Catherine Lacey: BoyStory

By catherinelacey

Boy with the golden curls

Reuben ready to leave for a Disneyland boys' day.

How sensitive my lovely sweet boy. I hope by giving some background here that you'll better understand where we're coming from, not that I wish to dig up and relive the past. It's more a sense of knowing where you came from to explain the emotions which I was to soon experience yesterday evening.

Yesterday after a great day enjoying two birthday parties, we had been talking about his history of reading and signing. His first expressive language was American Sign Language, that which I started to learn within days of his birth based upon the diagnosis that he was profoundly deaf. A few months later, this was revised to moderately deaf in his left ear and severely deaf in his right ear with a mixed sensorineural hearing loss. What we hadn't known then was that he would have a tracheotomy when he was 3 months old that would last until his was 3 years ago. And for Reuben, with the severe complexity of his airway, that would mean that he was unable to vocalize any sound, not a laugh nor a cry, until it was possible to cap his trach to allow air to pass through his vocalize, that which gives us the ability to vocalize. It took getting to a stage that his throat was sufficiently healed from being on a ventilator and the damage caused from scar tissue, muscle weakness and swelling (tracheomalatia and laryngeal), to allow us to block the trach with a small removable cap, thus allowing sounds to pass by.

This we started when Reuben was 2 years old via a speech therapist.
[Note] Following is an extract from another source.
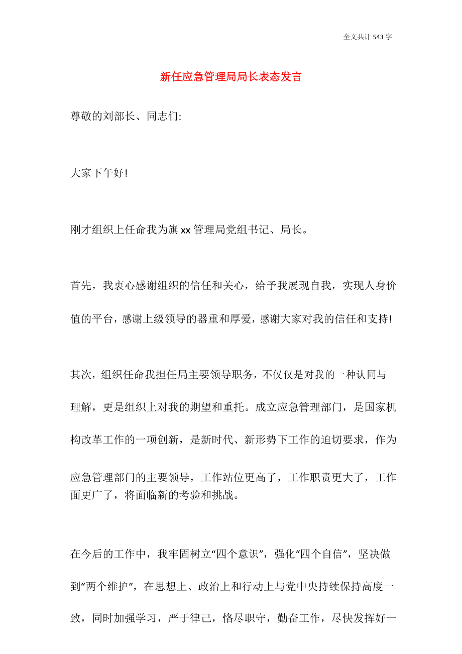 全文共计 543 字新任应急管理局局长表态发言尊敬的刘部长、同志们:大家下午好!刚才组织上任命我为旗 xx 管理局党组书记、局长首先,我衷心感谢组织的信任和关心,给予我展现自我,实现人身价值的平台,感谢上级领导的器重和厚爱,感谢大家对我的信任和支持!其次,组织任命我担任局主要领导职务,不仅仅是对我的一种认同与理解,更是组织上对我的期望和重托成立应急管理部门,是国家机构改革工作的一项创新,是新时代、新形势下工作的迫切要求,作为应急管理部门的主要领导,工作站位更高了,工作职责更大了,工作 面更广了,将面临新的考验和挑战在今后的工作中,我牢固树立“四个意识”,强化“四个自信”,坚决做到“两个维护”,在思想上、政治上和行动上与党中央持续保持高度一致,同时加强学习,严于律己,恪尽职守,勤奋工作,尽快发挥好一把手作用,坚决维护、执行旗委、旗政府的各项决策部署和上级应急管理部门的指导精神,扎实工作,攻坚克难,主动担当,深入推进应急管理事业改革发展,把应急管理放在经济社会发展全局中去思考谋1全文共计 543 字划,把握好稳增长与防风险的关系,明确工作目标,认真履行职责,有效防范化解重大安全风险,为经济社会发展提供安全保障,向旗委、 旗政府交上一份满意的答卷。

At first, he could tolerate just a few seconds before becoming overly panicked and stressed, holding his breathe rather than attempting to use his healing airway to breathe. His own voice became a source of great fear. With a trach, you breathe through a tiny straw like hole in your throat. With the trach capped, you breathe through your throat via the typical airway, thus allowing air to pass by the vocal chords and create sound.

It took months to get to a stage where he could tolerate the trach cap from seconds to minutes to hours, with many frightened tears expelled throughout. And then the cap became natural to him. It also marked the first time since the few short weeks after he was born when I heard his voice, his cry, the sounds he expelled when he yawned and heartwarmingly, his laugh. Can you imagine waiting 2.5 years to hear your baby laugh again? You can just about hear his first vocal sounds since birth in the first video.

At this time, Reuben's sign language was going through an explosion of development, witnessed by this video of Reuben aged 2.5 years signing a complete song. It took a rewatch for me to notice he signed it completely, but that I had missed some of the signs due to me signing, holding Reuben and videoing at the same time.

Special to me.

6 months later with the removal of his tracheostomy he was able to speak a few words. Within weeks, he could speak and sign the alphabet as witnessed in this hilarious video of him signing symmetrically with two hands (incredible) whilst speaking the alphabet.
Reuben signing and speaking at 3

And just a few months from this date aged 4 years and 9 months, he read The Giving Tree, captured on a first read.

And now to the point. Whilst I can show Reuben all of the videos aged 3 and 4 and indeed each successive reading video we made together, he's unable to watch himself signing and signing Special to me without being inconsolable. And yesterday was no exception. Why indeed had I tried to let him watch it again knowing it may cause such great pain to him? Perhaps it was hope for the past to have been healed, to allow me to understand his feelings so that I can help him. We talked for a good while afterwards and his fears are based on looking back at his inability to speak at the time and last night he revealed, the "red" cap. I now understand that for children, counseling and going over past hurts as a means to exorcise may not help. It merely cements the hurt. I just want to understand what he's feeling so that I can help him. I cannot describe how utterly proud I am of his accomplishments in life, often holding him up on a pedestal at his incredible intellect, dry wit that he takes time to consider before emitting, peppered with slapstick humor.

What a responsibility we as parents bear for ensuring our children meet their upmost potential in life. Early on it panicked me to the extent that I spent all my time signing with Reuben, teaching him sight words, stages which I feel have been entirely skipped with Callum. Each child indeed does have their own strengths and weaknesses and academics are not Callum's. I remember those moments of racing through flash cards as if there were here with me today.

God, I love this boy so much, his intense sensitivity and calm. And on that pedestal he shall remain.